Solo me quedaba defenderme con palabras: "Si de verdad me quisieras, ¿por qué no fuiste a hablar con mi padre en lugar de atarme aquí como a un animal?".
Lo miré fijamente y solté una risa amarga: "Mi padre te aprecia más que a mí. ¿Acaso tienes miedo de que te diga que no? Después de todo, aunque todos piensen que soy una basura, sigo siendo su hija. No tienes ningún derecho sobre mí".
Lo encaré, buscando algún rastro de culpa en sus ojos, pero él no disminuyó la presión sobre mi rostro. A medida que se acercaba más, su otra mano comenzó a desabrochar lentamente mi ropa.
"Eres inteligente, Delia, pero no tienes loba, así que...", dijo con una mirada burlona, y una terrible certeza me invadió. Mi ropa comenzó a deslizarse y el pánico me dio tantas náuseas que sentí que iba a vomitar. La luz de la luna se filtraba entre la densidad de las hojas, iluminando mi cuerpo.
"¿De verdad crees que te habría traído aquí esta noche sin el consentimiento de tu padre? No lo olvides, los hombres lobo tenemos un sentido del olfato muy desarrollado".
Un destello atravesó mi mente, y en él vi las lágrimas de mi madre el día de su muerte, y la mirada fría de mi padre cuando regresó con Bernice.
Él se ponía cada vez más excitado. Me lamía las lágrimas, se quitaba la ropa y se presionaba contra mí. Su cuerpo ardía, su corazón latía como un tambor y sus dientes dejaban marcas en mi piel temblorosa, pero yo permanecía inmóvil como un tronco congelado bajo la luna. Al ver que no respondía, se impacientó, me tiró del pelo y me hizo gemir de dolor. Alcé la vista hacia el cielo. ¿Era este el destino que la Diosa de la Luna tenía preparado para mí?

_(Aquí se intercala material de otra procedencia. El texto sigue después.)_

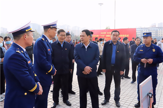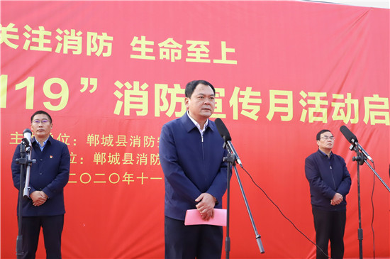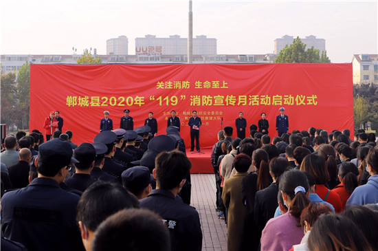 11月11日,鄲城縣在世紀廣場舉行2020年消防宣傳月活動啟動儀式,目的是進一步提高全民消防安全意識,促使“關(guān)注消防 生命至上”的主題深入人心,廣泛發(fā)動社會各界關(guān)注消防、參與消防,營造良好的宣傳氛圍,預防和減少火災事故發(fā)生,確保人民群眾生命財產(chǎn)安全??h長李全林出席會議并宣布消防宣傳月活動啟動,縣委常委、常務副縣長胡友濤主持會議,縣領(lǐng)導謝超、王彪、陳鳳祥、李素梅及縣公安局政委趙紅建參加會議。

¿Quién podría salvarme ahora?
Si tan solo pudiera despertar a mi loba...
"Auuuuu...". El viento arrastró un aullido cargado de una furia contenida, distante pero imponente.
Nick se detuvo en seco. De inmediato, se giró para mirar hacia la densidad del bosque. Dos ojos dorados lo observaban con una frialdad letal desde un rincón oscuro donde no llegaba la luz de la luna.
"¡Maldición!". El instinto de hombre lobo de Nick lo hizo ponerse alerta. Me miró, viendo que estaba casi indefensa. La amenaza oculta en la oscuridad se acercaba cada vez más, y la tensión tiñó sus ojos de un rojo inyectado en sangre. Al final, el miedo pudo más y decidió huir.
En el mismo instante en que se dio la vuelta para escapar, un enorme lobo negro emergió de las sombras, interponiéndose firmemente entre nosotros.